If the government is going to buy the normal amount it might as well buy a few extra. The main problem is guessing whether 1 in 500 is correct in the first place. For instance if it was 1 in 496 then you'd now only have a 50% chance of having enough.

Average = Np = 40k.

SD = SQRT(N p q) = SQRT(20m / 500 * 499/500 ) = 199.7999. (Since q is nearly 1, this happens to be SQRT (Average) )

Number of SDs for 90% (i.e. 5% at either end) = 1.644854 ( https://en.wikipedia.org/wiki/Standard_deviation ).

So number (over average) needed is 328.642.

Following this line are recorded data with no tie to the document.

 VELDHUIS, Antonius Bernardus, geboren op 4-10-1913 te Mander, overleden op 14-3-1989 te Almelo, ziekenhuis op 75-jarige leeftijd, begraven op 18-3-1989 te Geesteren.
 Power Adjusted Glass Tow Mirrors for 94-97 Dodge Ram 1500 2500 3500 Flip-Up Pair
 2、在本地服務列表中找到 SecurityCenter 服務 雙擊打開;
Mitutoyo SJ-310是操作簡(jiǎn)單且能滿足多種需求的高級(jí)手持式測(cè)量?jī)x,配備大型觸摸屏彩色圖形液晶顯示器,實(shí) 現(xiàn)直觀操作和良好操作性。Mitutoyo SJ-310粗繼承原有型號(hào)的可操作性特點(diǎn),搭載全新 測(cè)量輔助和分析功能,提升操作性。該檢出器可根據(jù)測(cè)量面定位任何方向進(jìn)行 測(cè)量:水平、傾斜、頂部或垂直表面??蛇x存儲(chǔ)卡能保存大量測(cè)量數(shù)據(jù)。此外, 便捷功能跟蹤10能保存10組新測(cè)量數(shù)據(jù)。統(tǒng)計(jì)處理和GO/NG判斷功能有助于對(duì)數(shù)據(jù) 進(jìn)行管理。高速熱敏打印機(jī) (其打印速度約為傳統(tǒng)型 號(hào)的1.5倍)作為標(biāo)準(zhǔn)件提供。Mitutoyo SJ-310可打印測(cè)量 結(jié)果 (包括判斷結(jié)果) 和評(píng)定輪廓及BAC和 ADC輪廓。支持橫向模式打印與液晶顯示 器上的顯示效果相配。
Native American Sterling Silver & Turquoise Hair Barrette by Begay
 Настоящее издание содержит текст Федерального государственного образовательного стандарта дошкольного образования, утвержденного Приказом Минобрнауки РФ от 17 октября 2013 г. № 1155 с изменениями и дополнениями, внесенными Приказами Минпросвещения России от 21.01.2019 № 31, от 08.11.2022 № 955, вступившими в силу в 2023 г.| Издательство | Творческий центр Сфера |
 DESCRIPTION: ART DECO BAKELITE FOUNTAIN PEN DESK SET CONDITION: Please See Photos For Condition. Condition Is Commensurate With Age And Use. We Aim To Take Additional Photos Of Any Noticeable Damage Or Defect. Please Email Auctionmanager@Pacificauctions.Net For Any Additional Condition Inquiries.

Hence number to ensure 95% = 40k + 328.642 = 40329.

I think we have the same mean and variance, mean and variance calculated by me is 40000 and 200 [0.04472 * (20,000,000)^0.5]

(X - 40000)/200 >-1.645

X > 39671

The difference is I used Z > -1.645 instead of +1.645 ??? Which one is correct ? I am not sure.

Presumably, to be 95% confident, you find the value such that 90% of the values are within that many SDs on either side of the mean; 5% will be greater than the mean + that many SDs, so 95% are less than that value.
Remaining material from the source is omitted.